Mountains are powerful icons of spaciousness, ever-present reminders for those of us who live in western NC. Everywhere we look we see mountains, and they rarely look the same two days in a row or sometimes even two hours in a row. Sometimes fog drifts around their shoulders, other times you can actually watch billowing clouds form on the peaks. In cold weather just a few thousand feet above where most of us live it can be snowing. Five months out of the year we can watch the high ridges turning white while down here on the mountains’ feet it may not even be raining.
We human beings have our own weather patterns too, our own ecologies. Happy can turn to sad or mad in an instant.
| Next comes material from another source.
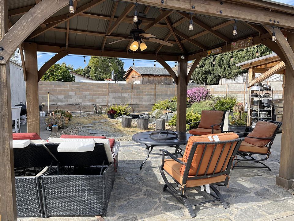 Enjoy indoor / outdoor living from this beautifully renovated and well maintained single-level home with four bedrooms, two bathrooms, gourmet kitchen, and gorgeous outdoor escape. The bedrooms are separated, allowing for privacy, with the master bedroom suite tucked away in the back of the home. The open living and dining area is recessed from the kitchen, offering a feeling of togetherness with some compartmentalization. Host amazing blow out parties or intimate gatherings in the gorgeous backyard oasis, complete with koi pond, outdoor kitchen, gazebo, studio shed with sliding glass door and windows, and 2-car garage that can serve as a perfect workshop. There is plenty of on-site parking, with enough space to store a camper or RV. This move-in ready home exudes pride in ownership and will be stress-free for the new owners, dual-paned windows, new air conditioning system, and leased solar system.
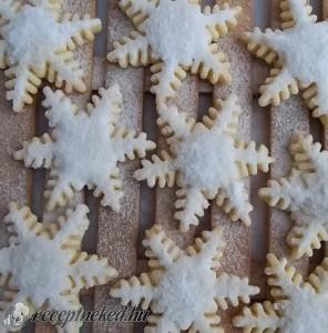 Hozzávalók: 180 g liszt 2 cs tejszín ízű pudingpor 160 g puha margarin 100 g porcukor 1 tojás sárgája 1 egész tojás 1 nagy csipet só 1 nagy csipet szódabikarbóna Tetejére: 1 tojásfehérje 4 púpos ek porcukor Elkészítése: A puha vajat és a porcukrot elkezdjük habosítani, majd hozzáadjuk a tojás sárgáját és az egész tojást. […]

Sometimes anxieties linger in the gut even while the brain is processing some new information that makes us optimistic.
Carl Jung said that inner work can be like taking a long hike in the Alps. In the village where we start it may be raining. Lightening may be flashing and thunder echoing across the valleys, but after we’ve walked for awhile, we often come out of the storm. You might still see the lightening and hear the thunder behind and below, but we’ve moved on to another space. The storm hasn’t ended, only we’re not in it anymore.
The practice of spaciousness is regularly taking these kinds of hikes through the regions of our own hearts and minds. We learn not to ignore either the lighting within or the sun above the clouds. Both exist at the same time and in the same space—the same space when our perspective grows a little bigger. The practice of spaciousness is the growing of this very perspective, and it can be very exhilarating exercise.